KPI strip across the top: total job count, healthy count, breached count, DLQ depth across all jobs. The breached and DLQ counters are how an operator knows at a glance whether to dig in.
Tried first: pass module.platform_schedules.jobs_manifest into module.observability_app as an
env-var input so the obs Lambda's watchdog code knows what to watch. This is a circular module dependency:
obs_app provides→ lambda_arn consumed-by→ platform_schedules
platform_schedules provides→ manifest consumed-by→ obs_app
Terraform refuses to apply — two-cycle in the module DAG. Breaking the cycle requires one direction to be non-Terraform. The cleanest break: publish the manifest to SSM Parameter Store at a fixed path; target Lambdas read it at cold start (cached in module scope; 15-minute in-process TTL so a fresh apply lands by the next cold start).

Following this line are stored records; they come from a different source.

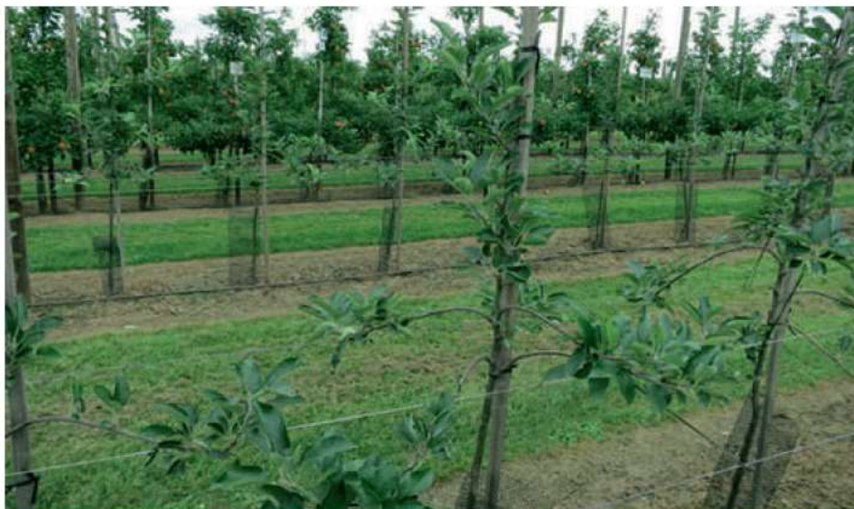
10-rasm. Intensiv olma bog‘ining ko‘rinishi
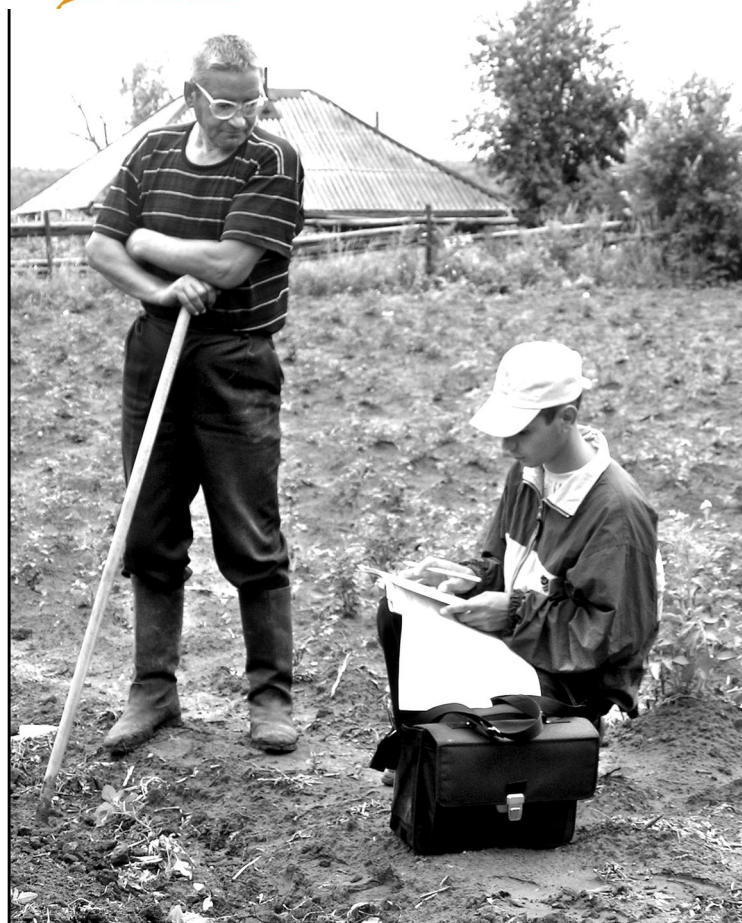
Удача, когда занятый на своей усадьбе хозяин с готовностью отвечает на вопросы переписчика!
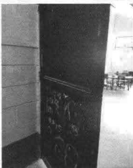
Foto 5: Mantenimiento de Estructura ( Lijado ,cambio de tubo,cepillado,sujeciones,aplicación,pintura)
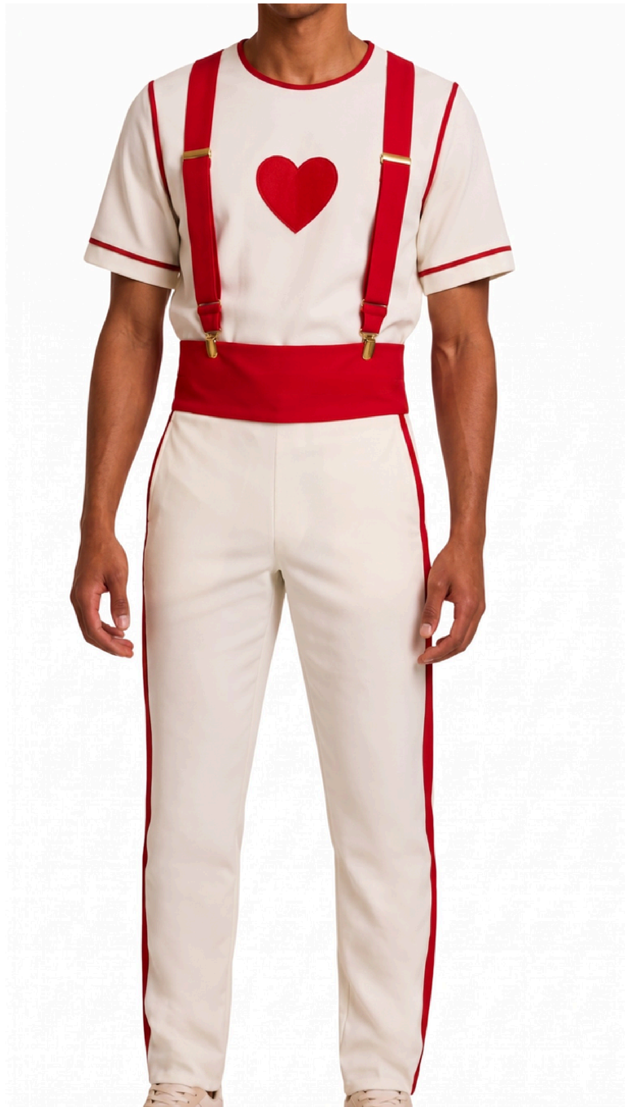
IMAGEM GERADA POR IA MERAMENTE ILUSTRATIVA
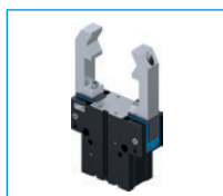
Chwytki dwuszcękowe kątowe
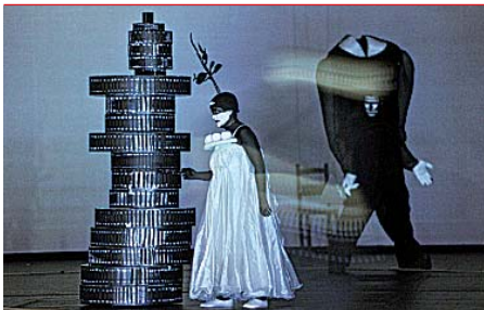
Bilfinger Berger unterstützt die Dokumentation des Neuen Mannheimer Rings.
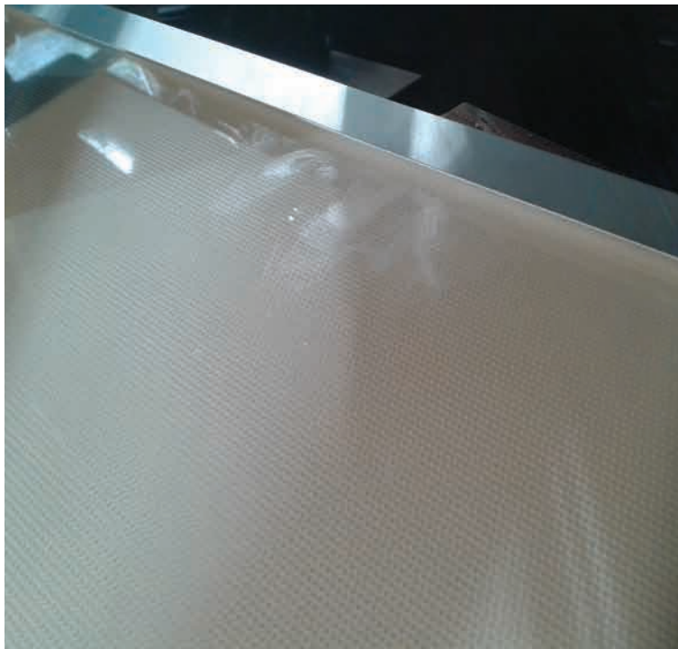
25. Meer vlekken...
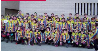
Sant Feliu de Llobregat
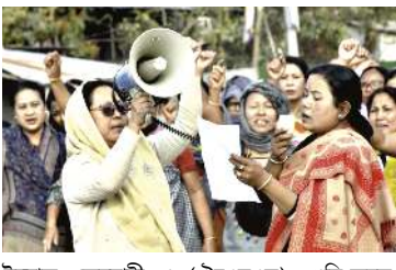
ইম্ফাল, ফেব্রুৱাৰী ২১ (ঐচএনএস) : ওসি অয়ুক অঙনবদা ৪৬-এ আরনা ককচীং রাইরি পঞ্জাও পানলুদা লৈবা এ টি যুনিট-২ ৬কী কেম্পসতা তেঙ্গোল্লোই ২৬ ফাজিল্লুবদগী পুৰবগী পাউলায়ে চাকপদৌনা তম্পাকী মফম শিনবা থুংনা শান্দোকুরকপদগী হৌনক্কা তৌদনা মীয়াম মরু ওইনা নুপীশিংদা তম্পাকী মফম কয়াদা থোরতুনা য়ানীংদবা ফোঙদোকপে।

থোম্মা অনীৱজ্ঞা খাদোরক্কে হায়বগী ষ্টেশনখি। অদুনা ওইনমক নুমিদাংগী মতামদসু মৌরা পায়বিশিংনা নুংখিলদা খোঙজং চঙশিমখিবা মফমশিংদা মৌৱাগী খোঙজং চৎতুনা খুল ঙাকপাশিং ফবা য়ারোই, প্রসিদ্দেটস রুলগী মতুং মণিপুরগী অমৌবা লৈঙাক অথুবা মতমদা শেমগদবনি হায়বা যাওনা খোলাওশিং লাউখি। অদুর ওসি নুমিদাং অথোংবা ফাওবদা থোকহমীংদবা যৌদোকশিং থোকপগী পাউ লৈখিদে অমসুং মীফা মীপুন যাওখিদে। অমরোমদা, ওসি অয়ুক অঙনবদসু লমশাং পি
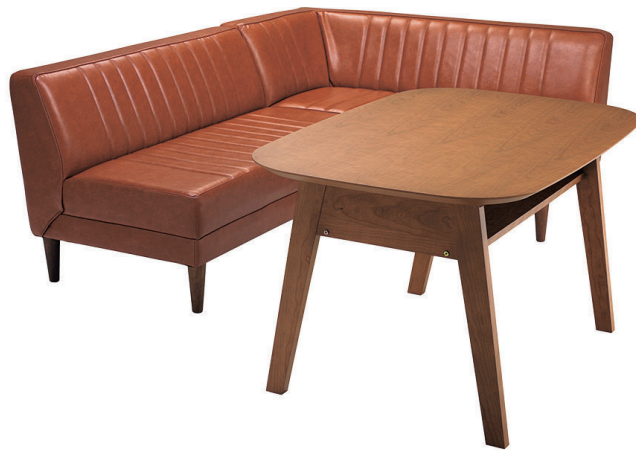
JAM-LD 3set (SOFA COLOR / BR) カウチ・ベンチ・LDテーブル

リビングやダイニングは、帰ってきた時にホッとできる場所であり、自然とみんなが集まる場所でありたい。その中心に、JAM-LDがある。古き良き時代のアメリカンダイナーを思わせるビンテージテイスト。その味わい深い雰囲気、家族や仲間が気構えずくつろげる、集いの場所となる。
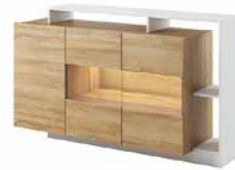
D komoda 3d LED 155 / 93,5 / 30-44 cm → ↑ ↘
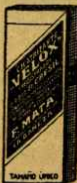
VELOX Hemostático poderoso Clasificado sin igual Poderoso antihémico 1934 García / Rodríguez / López
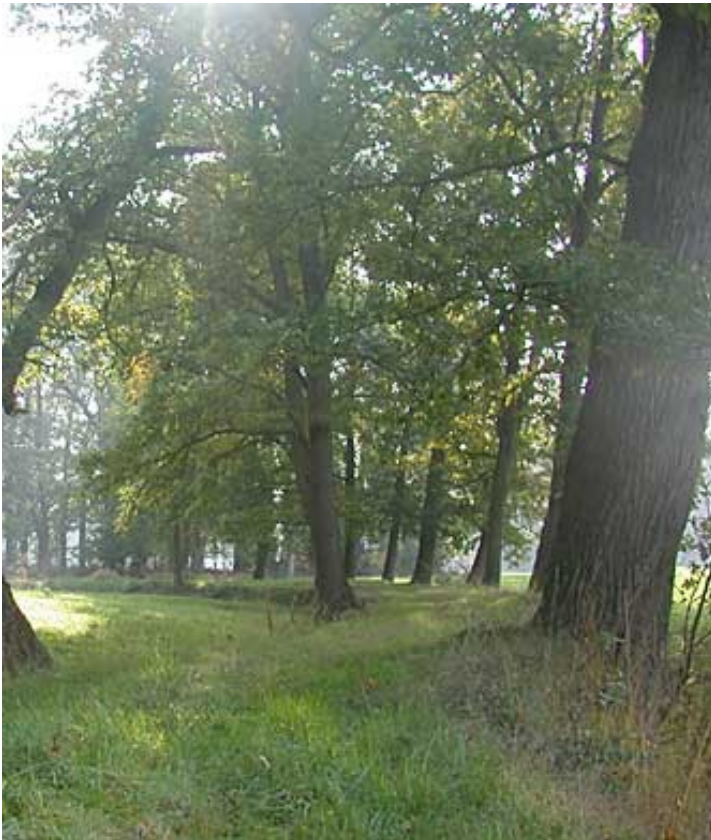
Resten van de landweer richting de voormalige havezate 't Graes.
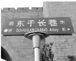
新路牌都叫干长巷,可市民们都习惯喊长干巷
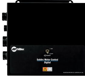
分体控制器 驱动控制箱
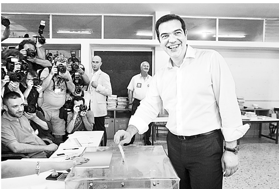
7月5日，在希腊雅典，希腊总理齐普拉斯在一家投票站投票

希腊总理齐普拉斯说，希腊人将在全民公决中决定是接受债权人提出的严厉而又无法实施的新紧缩和改革方案，还是努力寻求对希腊来说条件更好的协议，以便让希腊获得新的救助而留在欧元区。齐普拉斯政府呼吁选民们在投票中否
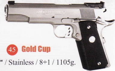
45 Gold Cup

.45 / 3" / Alloy-Stainless / 7+1 / 637g.
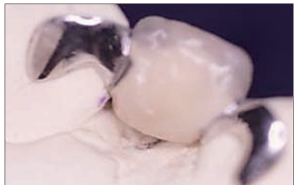
3. ábra. Ragasztott hid

Gondos kivitelezés esetén a ragasztott hidak jó ideiglenes megoldást jelentenek a foghiányok ellátásában.
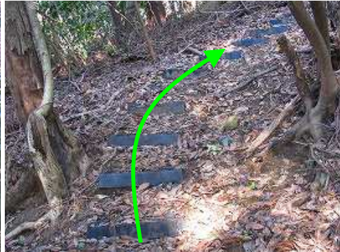
九電巡視路のプラ階段を上って行く。
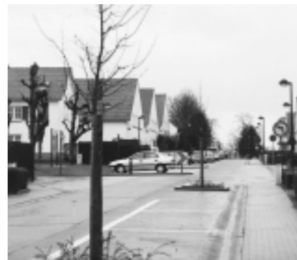
Heldenlaan in 2002
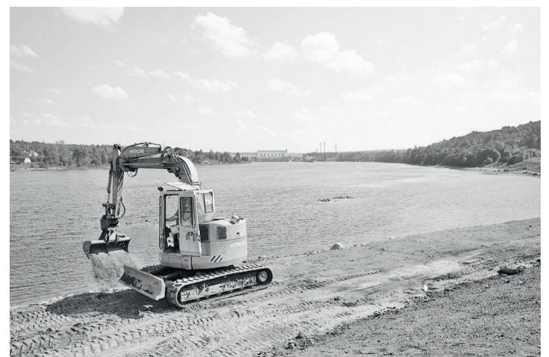
► Ведутся работы по прокладке сетей и дренажа

этим последовало и строительство дороги на Петрозаводск, которое в ещё большей степени стимулирует экономические возможности нашего района. Трасса сократит путь в Петрозаводск на сто километров! Правда, без федеральной поддержки тут не обойтись. Не стоит забывать и о ремонте автодороги на Ошту в Вологодскую область. Всё это позволит многократно увеличить трафик и положительно отразиться на привлекательности для бизнеса в Присвирье.
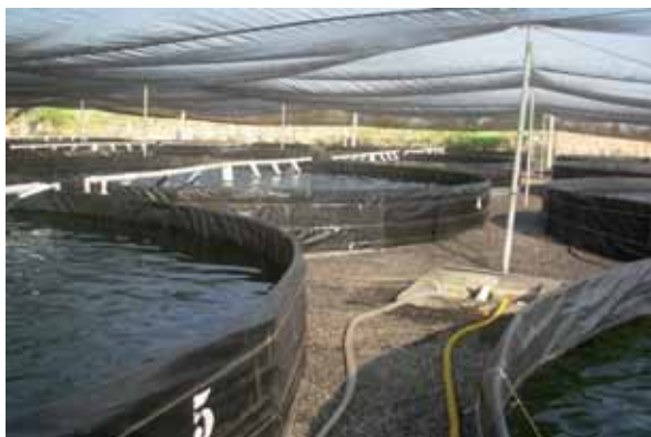
Instalación de maduración de reproductores de Litopenaeus vannamei biosegura.

IAM scopes for the target Lambda use the naming convention enforced by the schedules module (every resource is named
${project_name}-...), so the obs Lambda can scope sqs:GetQueueAttributes with a wildcard
that matches every DLQ without taking the ARNs as TF inputs.
| Layer | Mechanism |
|---|---|
| Retry | EventBridge Scheduler retry policy (3 attempts within 1h window by default; tunable per job) |
| Dead-letter | SQS DLQ per job, audit-CMK encrypted, 14-day retention |
| Run history | DDB job-run partition, 30-day TTL, queryable from the obs Schedules UI |
| SLA breach alert | Watchdog every 30 min, SES email to cartridge recipients with 6h throttle |
| Operator view | Schedules tab: health, history, "Run now" |
| Declaration | Single map entry in env composition + a wrapScheduledHandler call in the cartridge's Lambda |
Cost is functionally zero at our scale (1440 watchdog Lambda invocations / month at $0.0000002 each).
scheduled-handler.js into your cartridge's lambda/ directory (or import it once we promote to a Layer).const scheduledFn = wrapScheduledHandler('your-job-id', actualFn);scheduledFn(event, context).substrate/environments/ai-sandbox/main.tf's module "platform_schedules" { jobs = {...} }
with the same job ID, your cron, app ID, target Lambda ARN/name, payload, and SLA.
Same shape as the Step.6.i metadata doctrine: declarative job spec from the cartridge, enforcement at the platform.
The cartridge author writes ~10 lines of TF + one wrapScheduledHandler call; everything else is
substrate-provided. The reliability properties of the daily narrative are now the floor for every job, not the
ceiling.
When the narrative used to fail without anyone knowing, the failure was in the platform's feedback loop, not in the narrative code. Fixing this once (via the watchdog + Schedules UI) fixes it for every future scheduled job that joins the substrate.